Stock Market Trend Prediction Based on Text Mining of Corporate Web and Time Series Data
Hoang T. P. Thanh* and Phayung Meesad**
*Department of Information Technology, Faculty of Information Technology, King Mongkut’s University of Technology North Bangkok, 1518 Pracharat Sai 1 Road, Wongsawang, Bangsue, Bangkok, Thailand
**Department of Information Technology Management, Faculty of Information Technology, King Mongkut’s University of Technology North Bangkok, 1518 Pracharat Sai 1 Road, Wongsawang, Bangsue, Bangkok, Thailand
Predicting the behaviors of the stock markets are always an interesting topic for not only financial investors but also scholars and professionals from different fields, because successful prediction can help investors to yield significant profits. Previous researchers have shown the strong correlation between financial news and their impacts to the movements of stock prices. This paper proposes an approach of using time series analysis and text mining techniques to predict daily stock market trends. The research is conducted with the utilization of a database containing stock index prices and news articles collected from Vietnam websites over 3 years from 2010 to 2012. A robust feature selection and a strong machine learning algorithm are able to lift the forecasting accuracy.

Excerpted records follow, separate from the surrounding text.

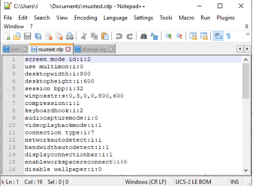 The first four lines show your remote connection screen size options (multi-monitor mode possible). You can edit screen mode to set up a remote window session in screen mode. For example “id:i:2” sets up full screen where “id:i:1” establishes remote connection appears in windowed mode.
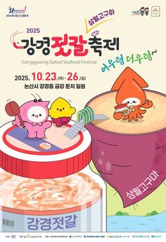 충남 논산시와 논산문화관광재단은 '2025 강경젓갈축제' 포스터를 1일 공개했다. 축제는 오는 23일부터 26일까지 나흘간 강경 금강둔치 일원에서 열린다.올해 주제는 ‘강경젓갈과 상월고구마, 어우렁더우렁’으로, 전통 음식문화와 지역 농특산물을 중심으로 다양한
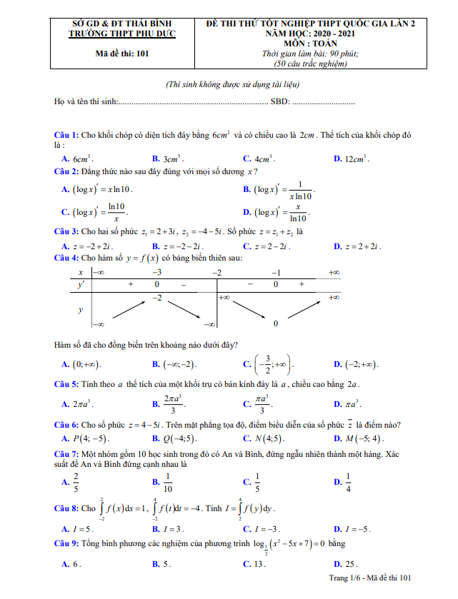 Đề thi thử tốt nghiệp THPT 2021 môn Toán lần 2 trường THPT Phụ Dực – Thái Bình
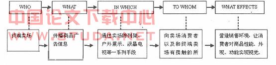 终端的传播场地和传播主体就是其大型卖场或连锁卖场,传播的信息内容就是主要是其卖场内产品的信息,其受众就是终端所聚集的大量人流,传播方式多种多样,包括陈列展示、户外看板、液晶电视等,其传播目的和传播影响就是促成消费者的品牌认知和购买行为。
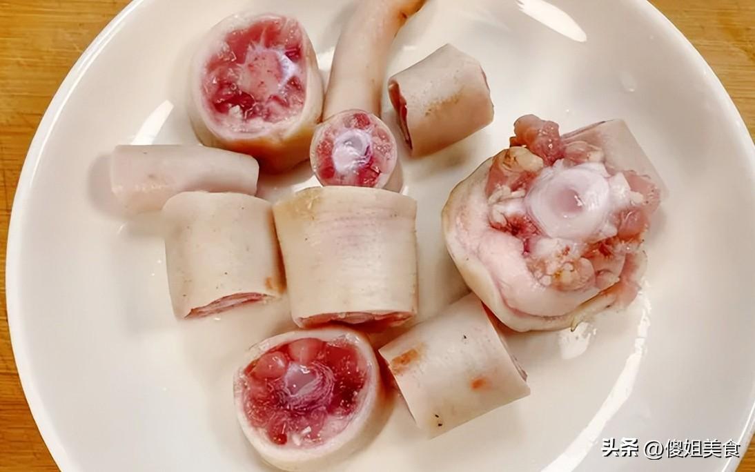 詳細做法:第一步,先把豬尾巴處理乾淨,然後剁成小段,冷水下鍋,加幾片姜、一點料酒,大火煮開焯一下水,去掉血沫和腥味。焯好水的豬尾巴撈出來,用溫水沖洗乾淨,切成小段。黑豆提前用清水浸泡2-3個小時。泡過的豆子更容易煮爛,湯色也更醇厚。
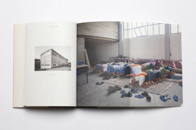 This shortage of places to worship is particularly acute in north east Italy – where the photographer Nicolò Degiorgis lives – home to many anti-Islamic campaigns headed by the right wing party Lega Nord. The dull images of the many and diverse buildings that house the makeshift mosques are printed on folded pages. You open up the gatefold to reveal the scenes inside the mosques, shot in full colour. The size of the gatherings varies, from large crowds who sometimes pray outside to a small room full to bursting, or to intimate groups of two or three Muslims.
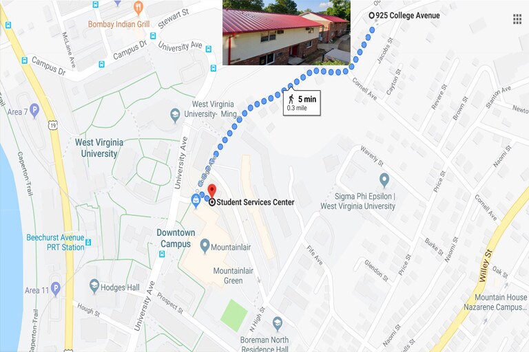 Great location, 5 min walking from WVU downtown campus. Free parking, trash removal & WIFI. Newly constructed
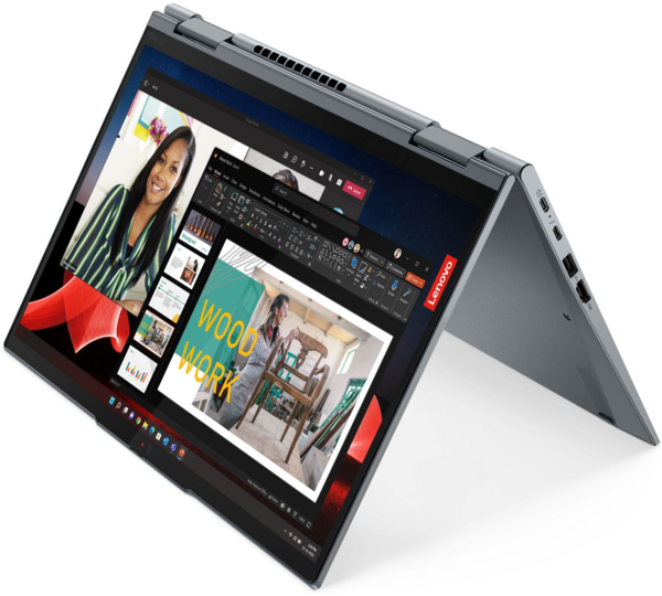 Ноутбук ThinkPad X1 Yoga Gen 8 «2-в-1» оснащен шарниром, который вращается на 360 градусов и позволяет быстро переключаться между различными режимами использования: ноутбук, планшет, презентация и консоль. Эффективно работай в любых условиях, выбирая оптимальный режим в зависимости от выполняемой задачи. Переходи от набора текста на клавиатуре к созданию набросков, подписанию документов или добавлению заметок на экране с помощью стилуса с возможностью подзарядки, который хранится в специальном отсеке внутри корпуса. Или просто управляй ноутбуком с помощью сенсорного интерфейса в режиме планшета.
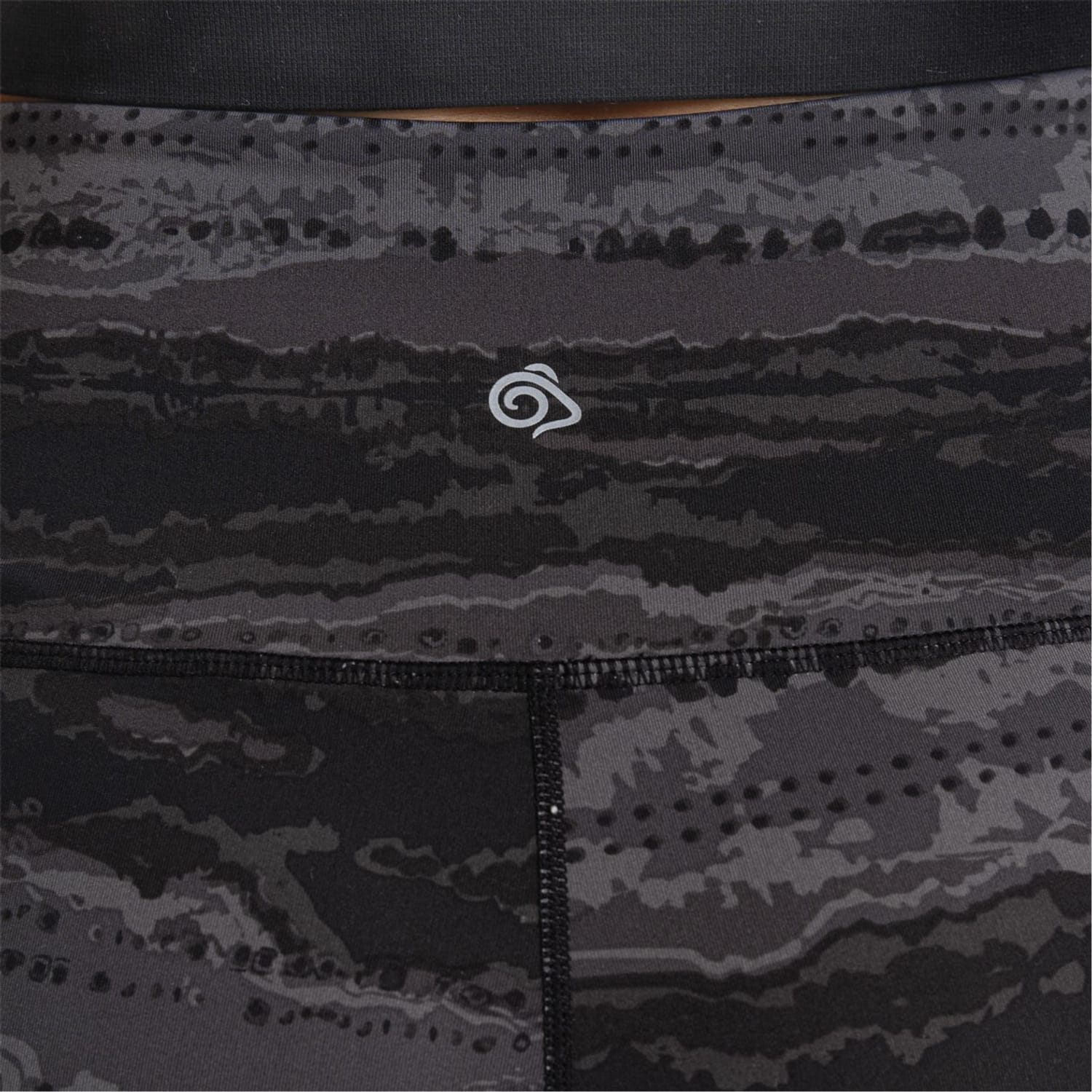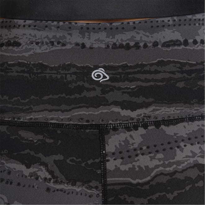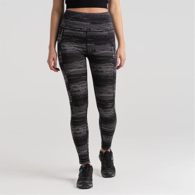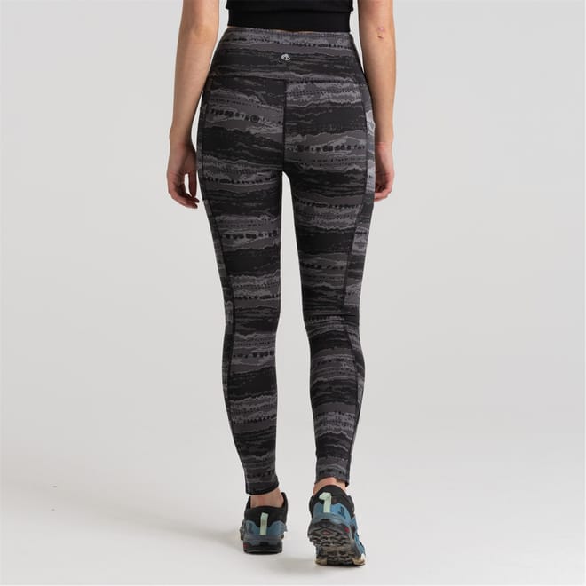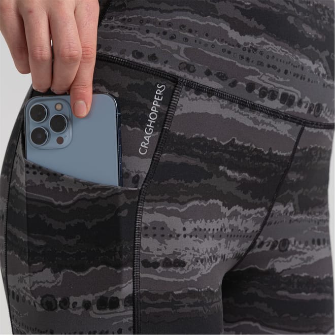 Craghoppers leggings feature an abstract pattern, perfect for activewear collections. These slim-fit leggings are designed with convenient pockets, offering both style and functionality for your active lifestyle. -
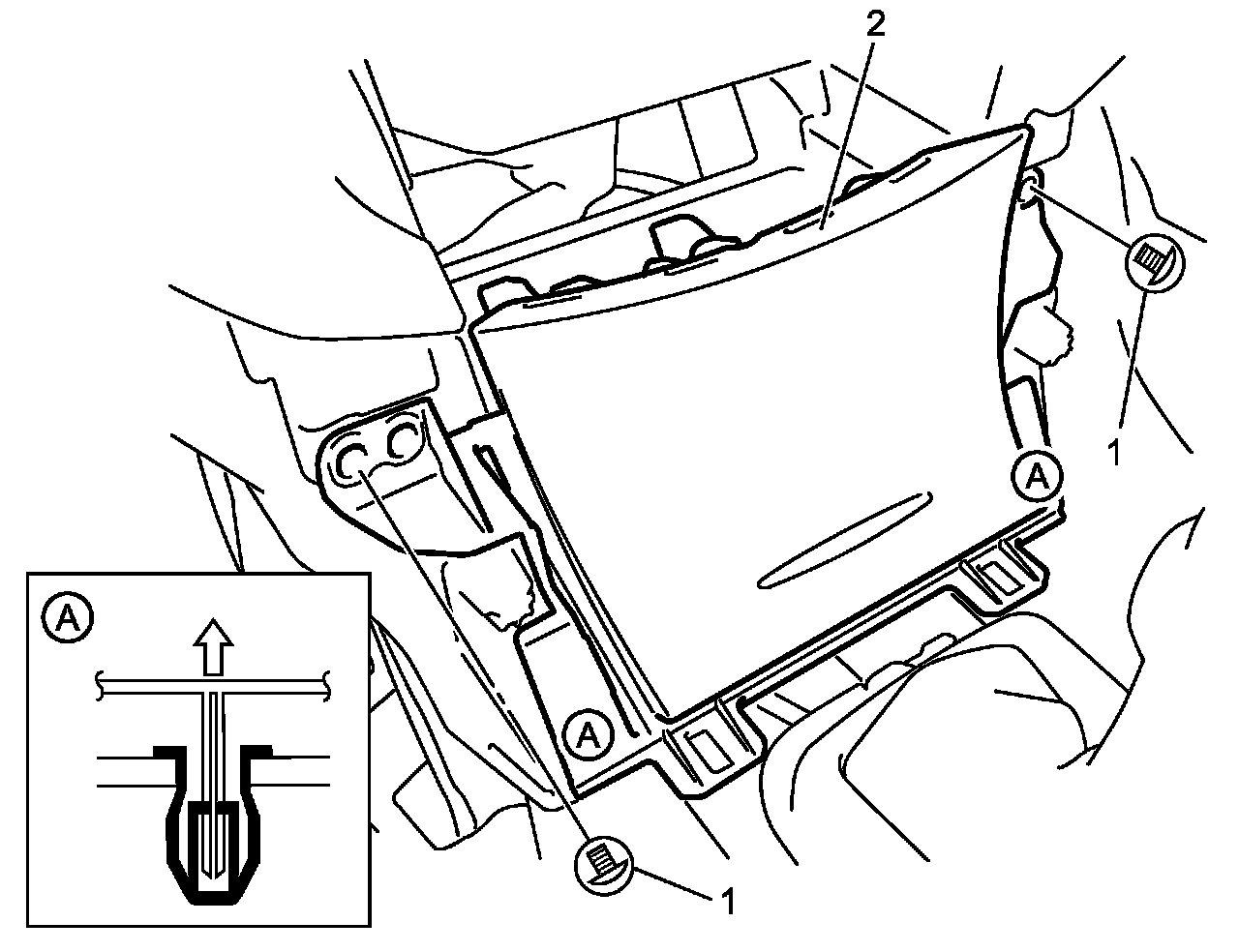 6. Remove screws (1) and remove instrument panel center lower box (2).
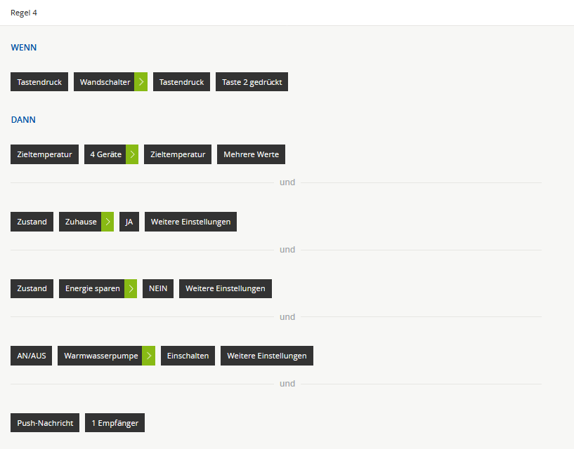 - Abends (ab 20 Uhr) dient er als „Master-Schalter“ vor dem zu Bett gehen der alle Heizungen runterregelt und (über innogy steuerbare) Lampen ausschaltet. Die Warmwasserpumpe sowie der Zustand Zuhause bleiben dabei an!
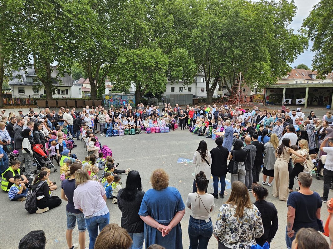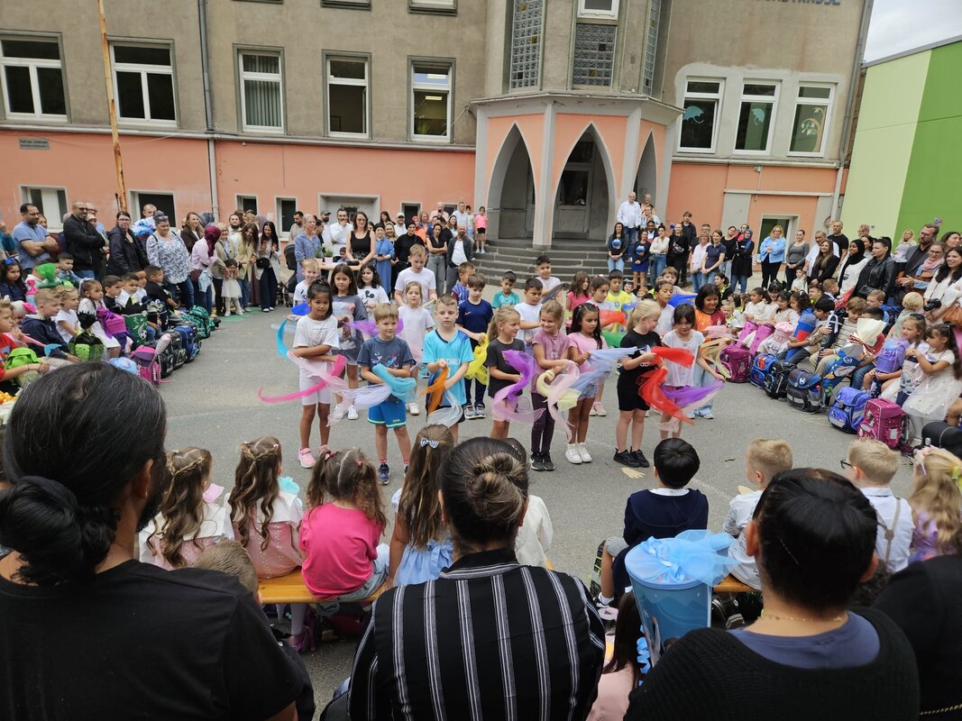 Am 28.08.2025 wurden in unserer Schule 67 Erstklässler eingeschult. Nach einer kleinen Einschulungsfeier auf dem Schulhof haben alle Kinder ihre erste Unterrichtsstunde in ihrer Klasse erlebt. Erstmals seit mehreren Jahren konnte eine Einschulungsfeier wieder ohne Großbaustelle auf dem Schulhof stattfinden.
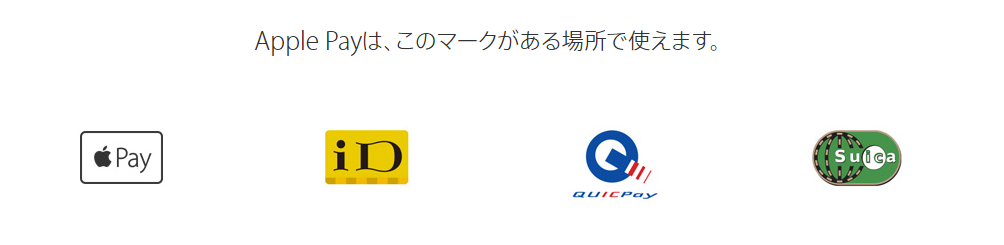 Apple Payでは、各カード会社のシステムが独自にApple Payを認証するのではなく、iD、Quick Pay、Suicaの仕組みを利用します。したがって、お店でApple Payが使えるかどうか判断するときには、MasterCardなどのカードのマークを探すのではなく、下記のマークを探しましょう。自分の持っているMasterCardでいつも買い物をしているお店であっても、下記のマークのサービスに対応していないとApple Payの支払いはできないということになります。
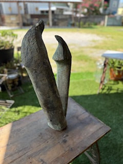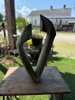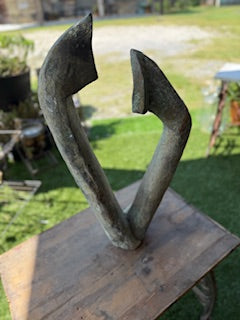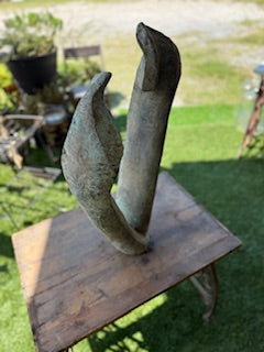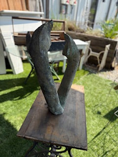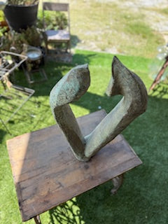 Abstract bronze sculpture ideal focal point for an outdoor garden or landscape. Height - 26.5 inches; Width - 15.5 inches, Depth - 5.5 inches.
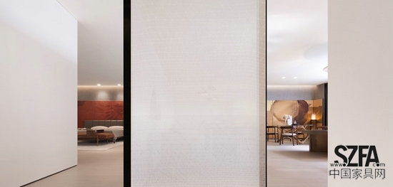 茶臺依著城市山林意象,顯得更出塵些;國色牡丹,因在臥室則更顯的柔媚些。屏風屏風,屏卻風,也能遮住眼,隔出個虛實互補的同時,還增加了情趣豐富了視覺。中國人一向更喜歡曲徑后的通幽處,喜歡漸入佳境后的熱絡時,平鋪直敘的實景描繪總是顯得不那么有趣。屏風對于空間的分割沒有強制性,于是茶室可以隱約著芙蓉帳,擁被依枕時也聞得普洱香。
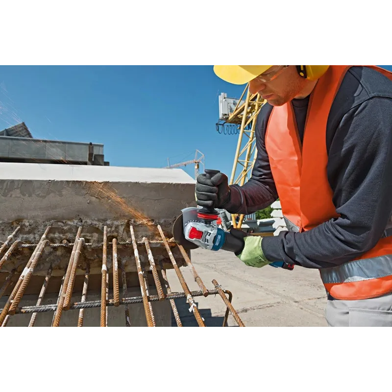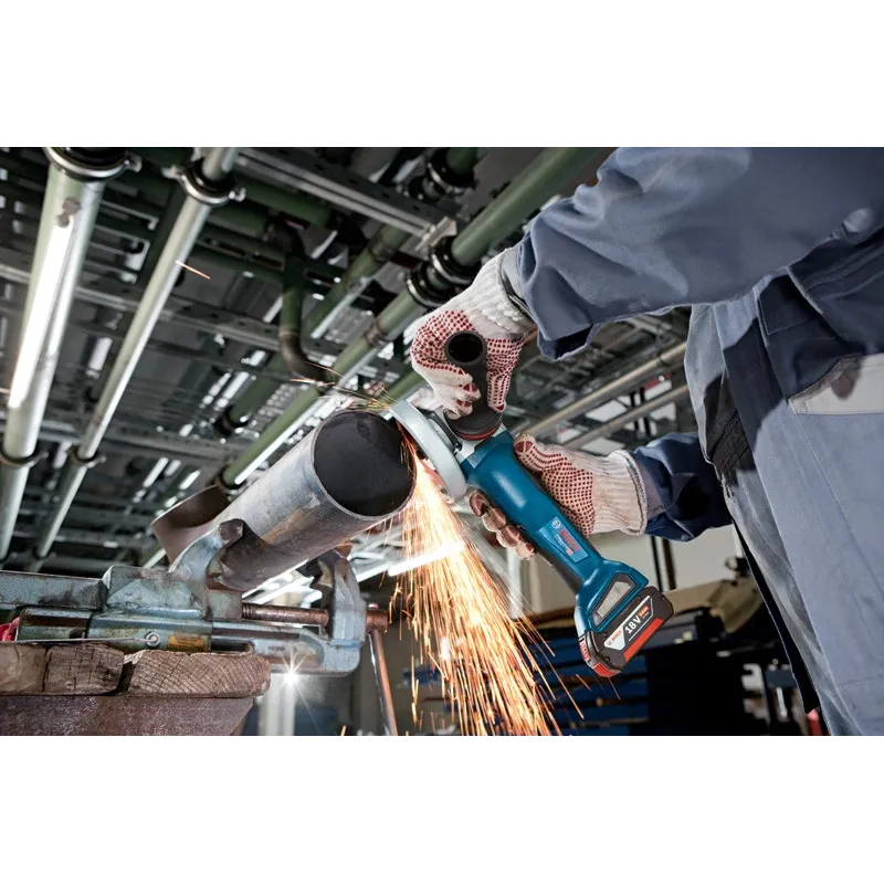 Esta herramienta es ideal para cortar y amolar metal y piedra. Es compatible con los dispositivos de aspiración de polvo GDE 125 EA-T y GDE 115 / 125 FC-T y con todas las baterías y cargadores de 18 V Bosch (18V System).

By combining Linear Support Vector Machine Weight and Support Vector Machine algorithm, this proposed approach can enhance the prediction accuracy significantly above those of related research approaches. The results show that data set represented by 42 features achieves the highest accuracy by using one-against-one Support Vector Machines (up to 75%) and one-against-one method outperforms one-againstall method in almost all case studies.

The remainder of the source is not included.